To round things up for this series, we're a to take a look back at some powerful DataFrame operations we missed. In particular, we'll be focusing on operations that modify DataFrames as a whole, such as

Joining DataFrames in PySpark

I'm going to assume you're already familiar with the concept of SQL-like joins. To demonstrate these in PySpark, I'll create two simple DataFrames: a customers DataFrame and an orders DataFrame:

# DataFrame 1
valuesA = [
    (1, 'bob', 3462543658686),
    (2, 'rob', 9087567565439),
    (3, 'tim', 5436586999467),
    (4, 'tom', 8349756853250)
]

customersDF = spark.createDataFrame(
    valuesA,
    ['id', 'name', 'credit_card_number']
)
 
# DataFrame 2
valuesB = [
    (1, 'ketchup', 'bob', 1.20),
    (2, 'rutabaga', 'bob', 3.35),
    (3, 'fake vegan meat', 'rob', 13.99),
    (4, 'cheesey poofs', 'tim', 3.99),
    (5, 'ice cream', 'tim', 4.95),
    (6, 'protein powder', 'tom', 49.95)
]
ordersDF = spark.createDataFrame(
    valuesB,
    ['id', 'product_name', 'customer', 'price']
)
 
# Show tables
customersDF.show()
ordersDF.show()

Here's how they look:

The DataFrames we just created. — The DataFrames we just created

Now we have two cliche tables to work with.

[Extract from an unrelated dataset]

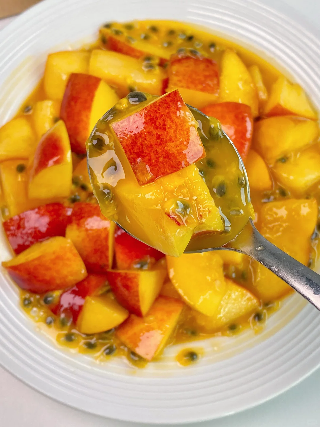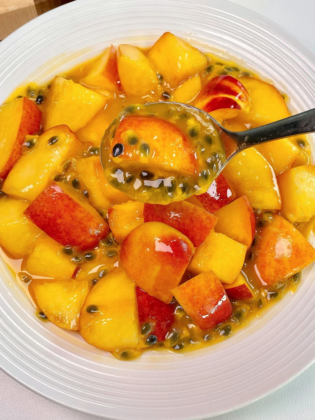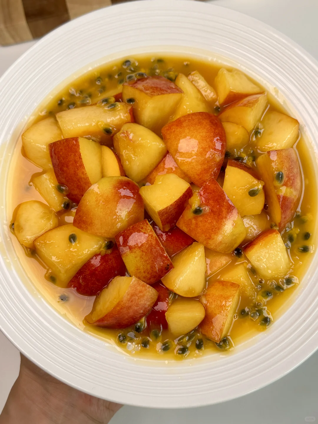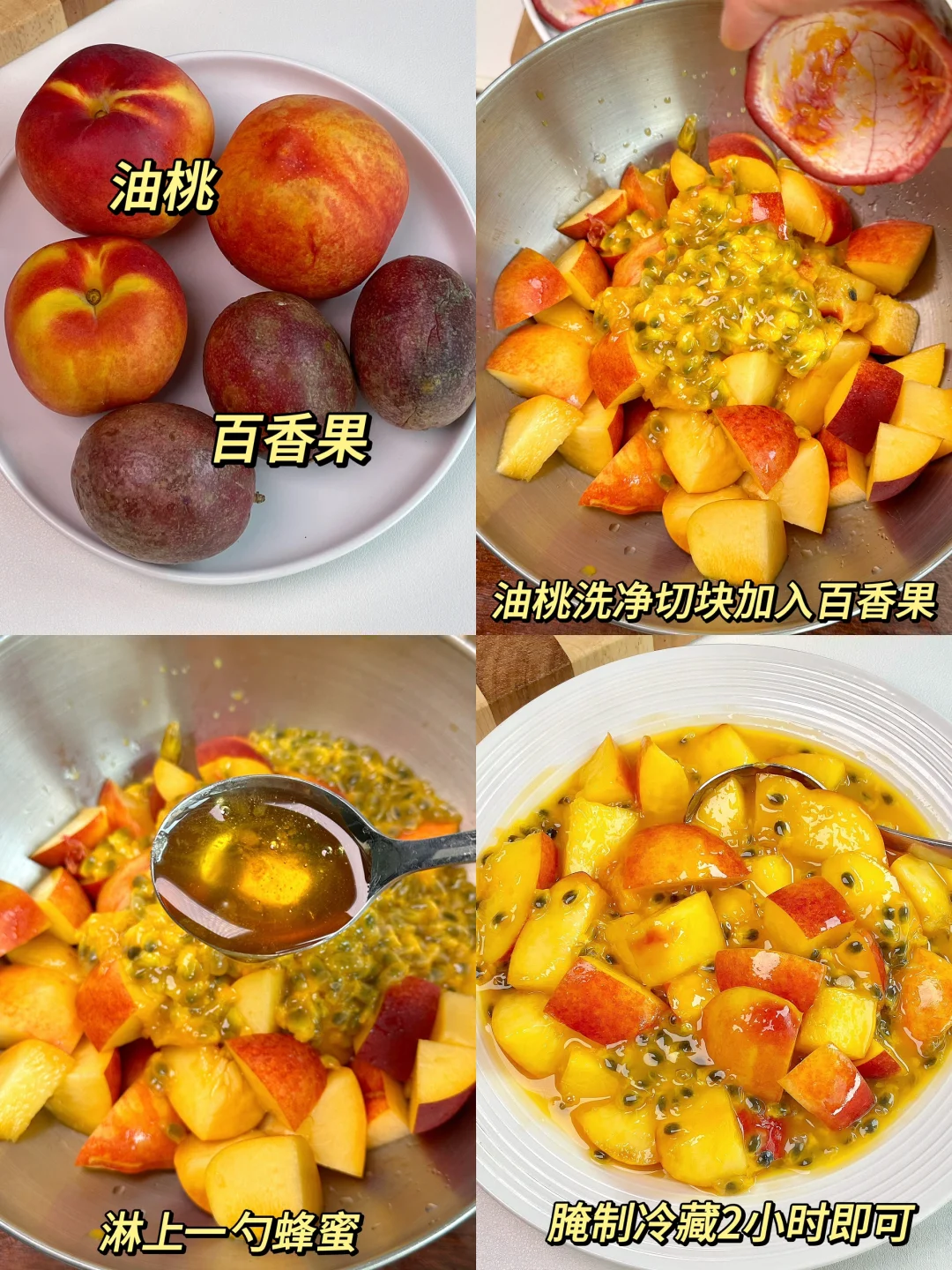 跟网友学的!据说这是桃子坠好吃的做法! 百香果渍油桃!酸酸甜甜的真的好好吃!! 一口下去巨清爽巨解腻!!!桃子腌入味了,好吃不腻!喜欢吃酸的朋友一定要试试! 做法简单到有手就行!!✅具体做法在图上!

Before we join these two tables it's important to realize that table joins in Spark are relatively "expensive" operations, which is to say that they utilize a fair amount of time and system resources.

Inner Joins

Without specifying the type of join we'd like to execute, PySpark will default to an inner join. Joins are possible by calling the join() method on a DataFrame:

joinedDF = customersDF.join(ordersDF, customersDF.name == ordersDF.customer)

The first argument join() accepts is the "right" DataFrame that we'll be joining on to the DataFrame we're calling the function on.

Next, we specify the "on" of our join. In our example, we're telling our join to compare the "name" column of customersDF to the "customer" column of ordersDF. Here's how it turned out:

id	name	credit_card_number	id	product_name	customer	price
2	rob	9087567565439	3	fake vegan meat	rob	13.99
3	tim	5436586999467	4	cheesey poofs	tim	3.99
3	tim	5436586999467	5	ice cream	tim	4.95
4	tom	8349756853250	6	protein powder	tom	49.95
1	bob	3462543658686	1	ketchup	bob	1.2
1	bob	3462543658686	2	rutabaga	bob	3.35

Right, Left, and Outer Joins

We can pass the keyword argument "how" into join(), which specifies the type of join we'd like to execute. how accepts inner, outer, left, and right, as you might imagine. how also accepts a few redundant types like leftOuter (same as left).

Cross Joins

The last type of join we can execute is a cross join, also known as a cartesian join. Cross joins are a bit different from the other types of joins, thus cross joins get their very own DataFrame method:

joinedDF = customersDF.crossJoin(ordersDF)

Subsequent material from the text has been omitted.